— Я тебе рассеку башку до самых зубов! — взревел Шредер, взмахивая мечом.
Дэниел упал на одно колено и позволил лошади полковника проскакать еще немного.
Слишком близко, подумал Хэл. Если мушкет даст осечку, Дэниел покойник.
Но Дэниел уверенно держал цель. На мгновение Хэлу показалось, что его худшие страхи оправдываются, но потом мушкет выстрелил, выбросив пламя и серебристый дым.
Может быть, Дэниел услышал крик Хэла, а может быть, лошадь просто оказалась более крупной и надежной целью, но он выпалил прямо в широкую, залитую потом грудь животного, и тяжелая свинцовая пуля попала туда, куда надо. На полном ходу мерин Шредера рухнул под полковником. Шредер перелетел через его голову, ударившись лицом и плечом о землю.
Лошадь билась и дергалась, лежа на боку, мотала головой из стороны в сторону, а из раны на ее груди толчками хлестала кровь. Потом голова животного с глухим ударом упала на землю, и, испустив последний вздох, лошадь затихла.
Шредер лежал неподвижно на прогретой солнцем дороге, и Хэл на мгновение испугался, что тот сломал себе шею.

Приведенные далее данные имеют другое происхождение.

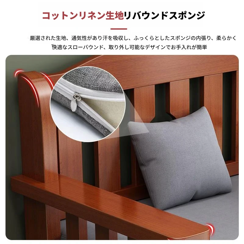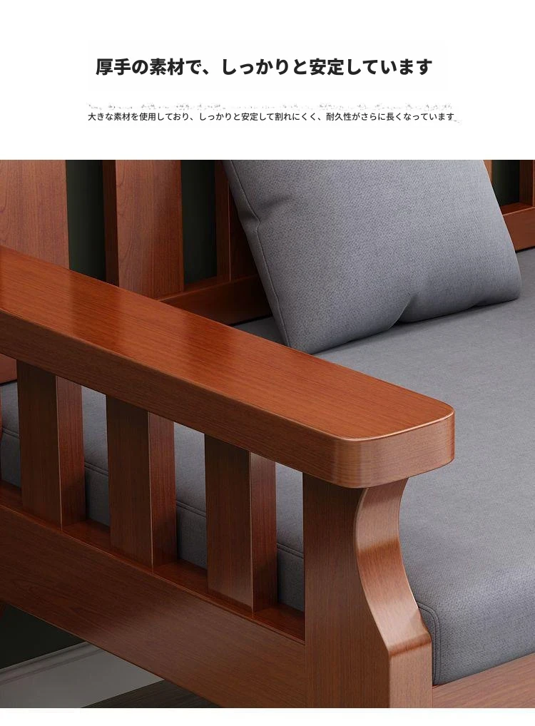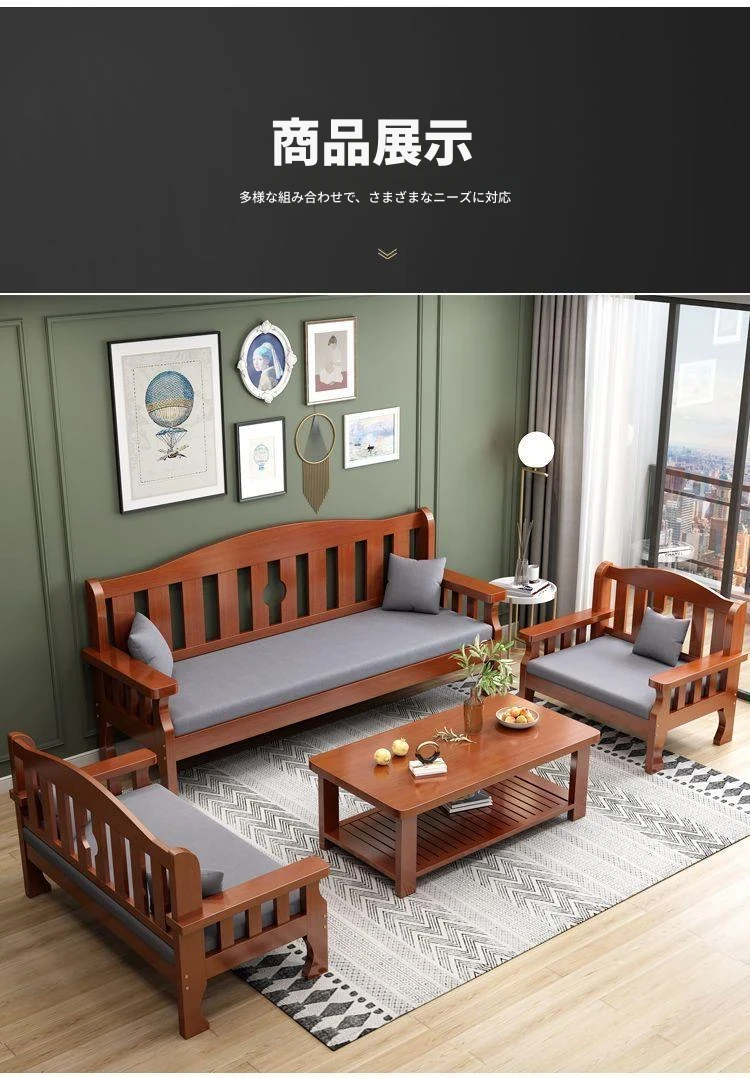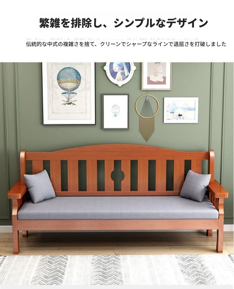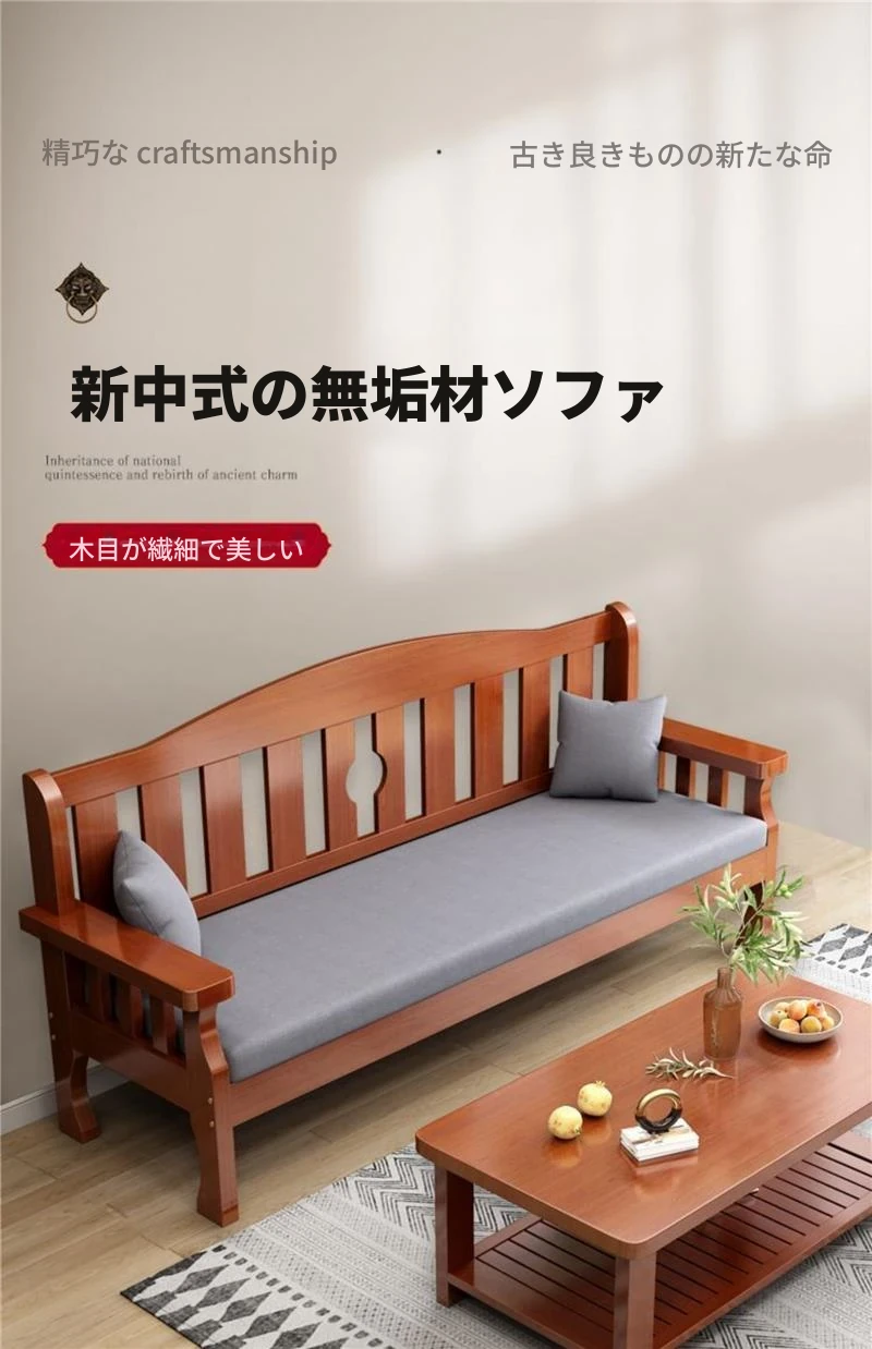 新中式デザインの実木ソファ!小型リビングにぴったりなシンプルな3人掛けコンビネーション。経済的でありながら、快適な背もたれのロングベンチスタイルで、あなたの家をおしゃれに演出します。
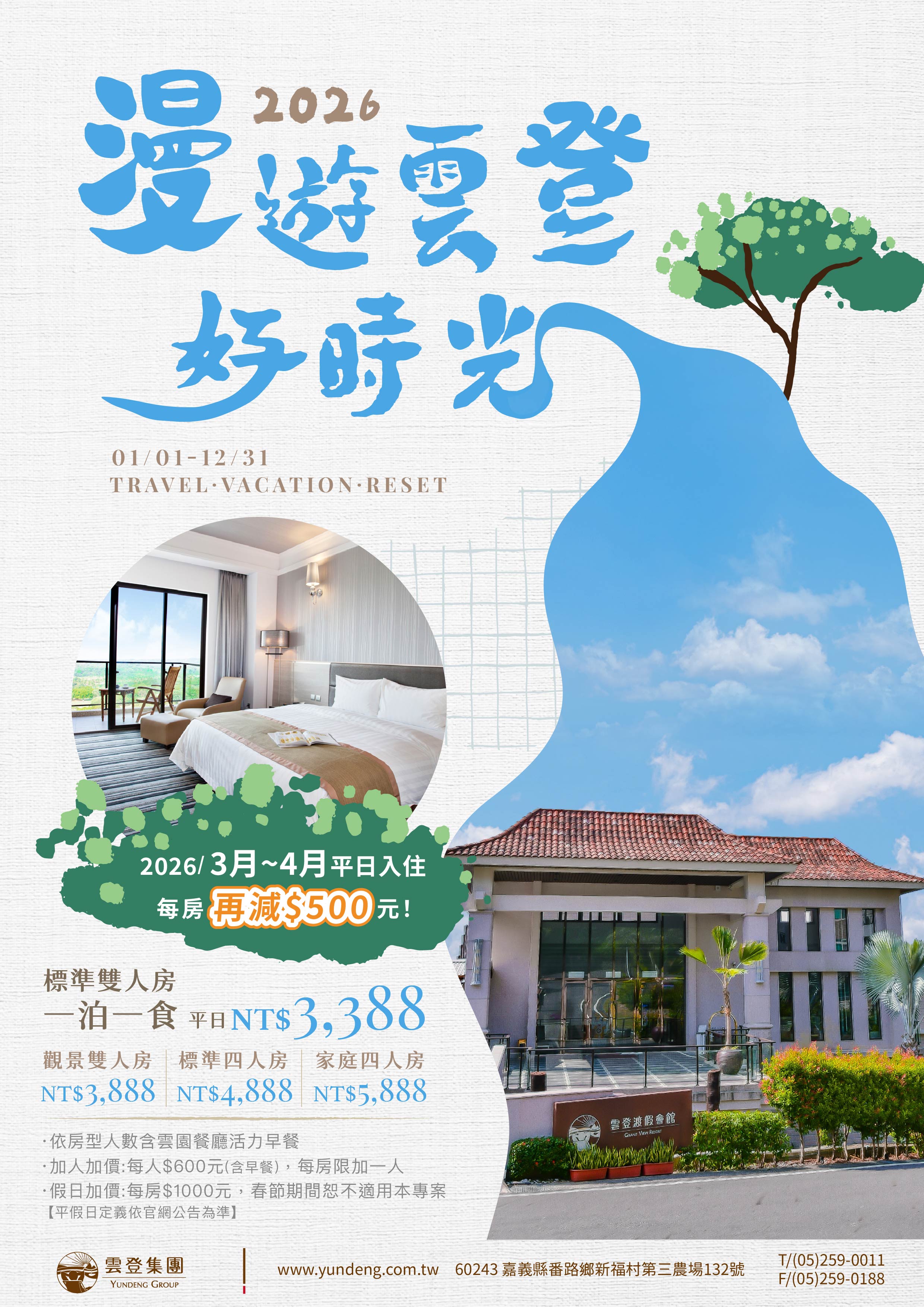 ※2026/3月-4月平日入住每房再減$500元(每房只要$2,888起)。
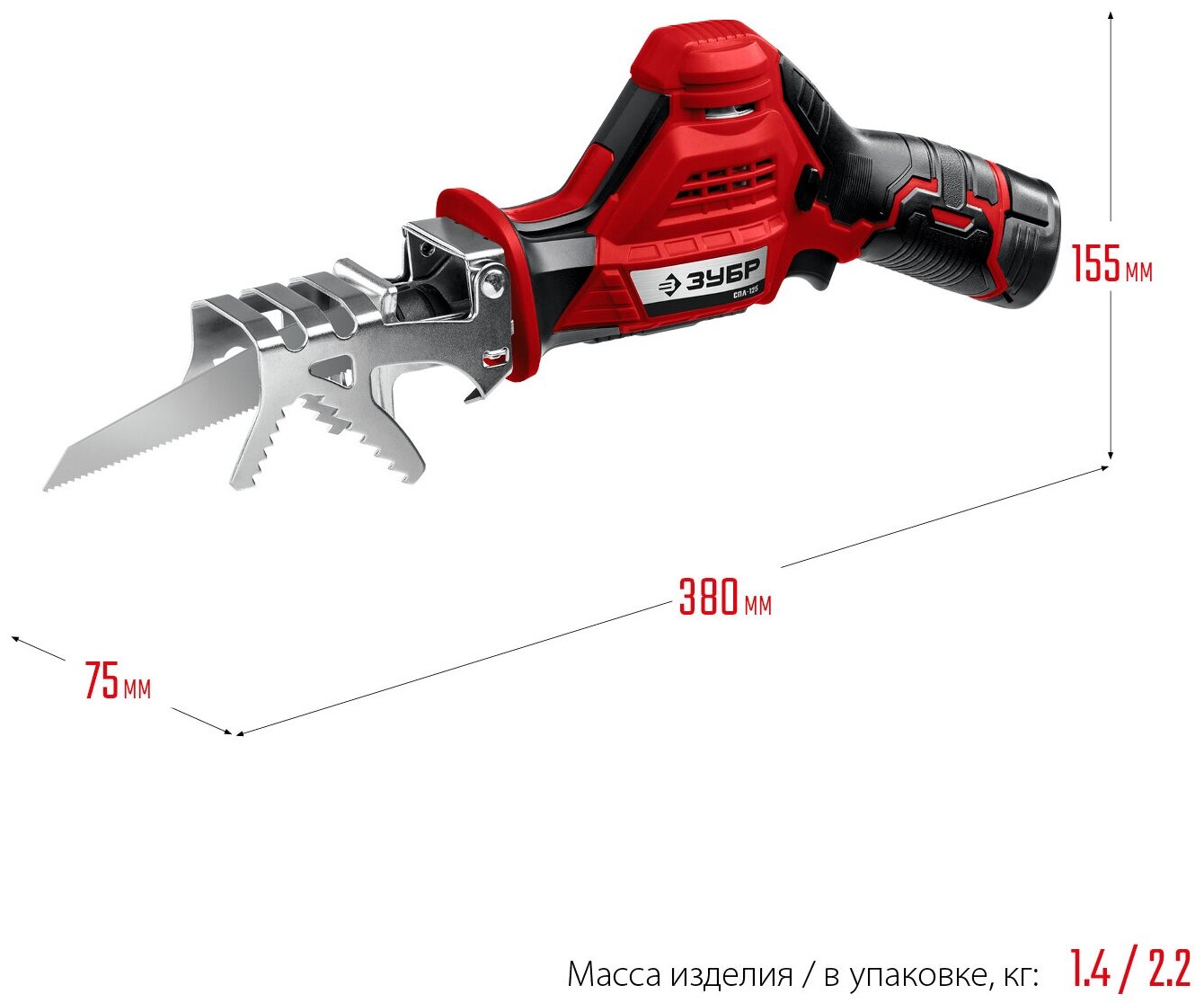 Reciprocating saw, battery 2 pcs., charger, a-shaped stop, instruction manual
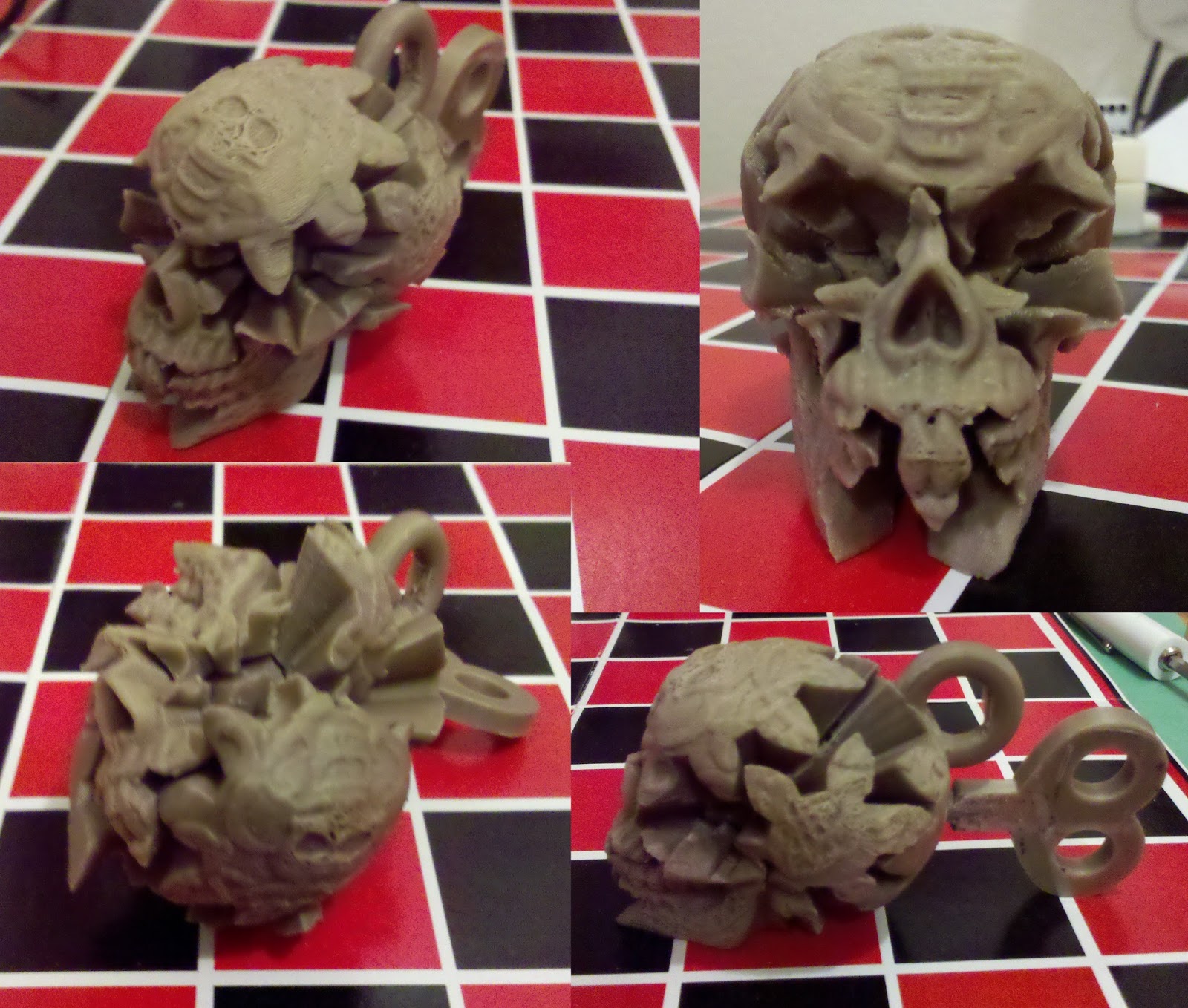 Started this what feels like months ago. May actually be months ago. I wanted a smaller version of the skull gears so to differentiate my version I use the Celtic Skull. This involved figuring out OpenSCAD, fixing an extremely non-manifold base model, and doing some modification. I love the idea of a key sticking out of the back of the skull, but this version reveals a lot of little changes I need to make.
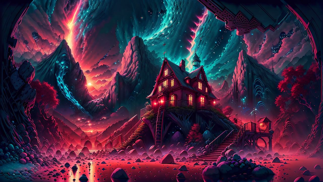 fantasy00d,Pastels artwork,landscape of a Mythical [Geneva:Beach house:3] and Belle poque Red Dwarf,at Sunset,Energetic,50s Art,Cathode tube,(art by Abram Efimovich Arkhipov:0.8),<lora:fantasy00d-000015:1>,
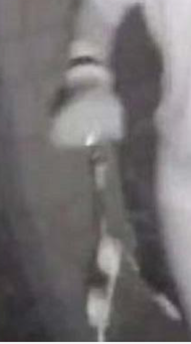 Here's a more clear photo of the woman's right arm. The device attached to it is thin like a tiny dog's leash and divided into two pieces with something rectangular attached to the end of it.

Он чуть не бросился ему на помощь, но тут Шредер неуверенно шевельнулся, и Хэл замер. Карета быстро катила прочь, и все кричали:
— Назад, Гандвана!
— Оставь ты этого урода, сэр Генри! — Дэниел подскочил к нему и, схватив за руку, потащил прочь. — Он не мертв, а вот мы — скоро будем, если задержимся здесь еще немного.
Несколько первых шагов Хэл сопротивлялся, пытаясь вырваться из хватки Дэниела.
— Это не может так закончиться! Неужели ты не понимаешь, Дэнни?
— Я все прекрасно понимаю, — проворчал Большой Дэниел.
В этот миг Шредер, пошатываясь, приподнялся и сел посреди дороги. Гравий ободрал кожу на одной стороне его лица, но полковник пытался встать. Упав, он повторял попытку.
— Все с ним в порядке, — сказал наконец Хэл с облегчением, почти удивившим его самого, и позволил наконец Дэниелу увести себя.
— Эй! — крикнул Дэниел, когда они догнали карету. — Он настолько в порядке, что вполне сможет отрубить тебе кое-что, когда вы встретитесь в следующий раз. От него нам так просто не избавиться.
Пока они догоняли карету, Эболи придержал скакунов, и теперь Хэл снова схватился за уздечку головной лошади. Оглянувшись, он увидел, что Шредер уже стоит на дороге, пыльный и окровавленный, рука его по-прежнему держала меч. Полковник даже пытался тащиться следом за каретой, шатаясь, как будто проглотил бутылку дешевого джина.
Они удалялись от него рысью, и Шредер бросил попытки угнаться за каретой, зато начал кричать вслед:
— Видит Бог, Генри Кортни, я до тебя доберусь, пусть даже мне придется идти за тобой до самых ворот ада! Я тебя не забуду, сэр, я тебе все припомню!
— Когда явишься, прихвати с собой этот меч, который ты у меня украл! — крикнул в ответ Хэл. — Я насажу тебя на него, как свинью на вертел!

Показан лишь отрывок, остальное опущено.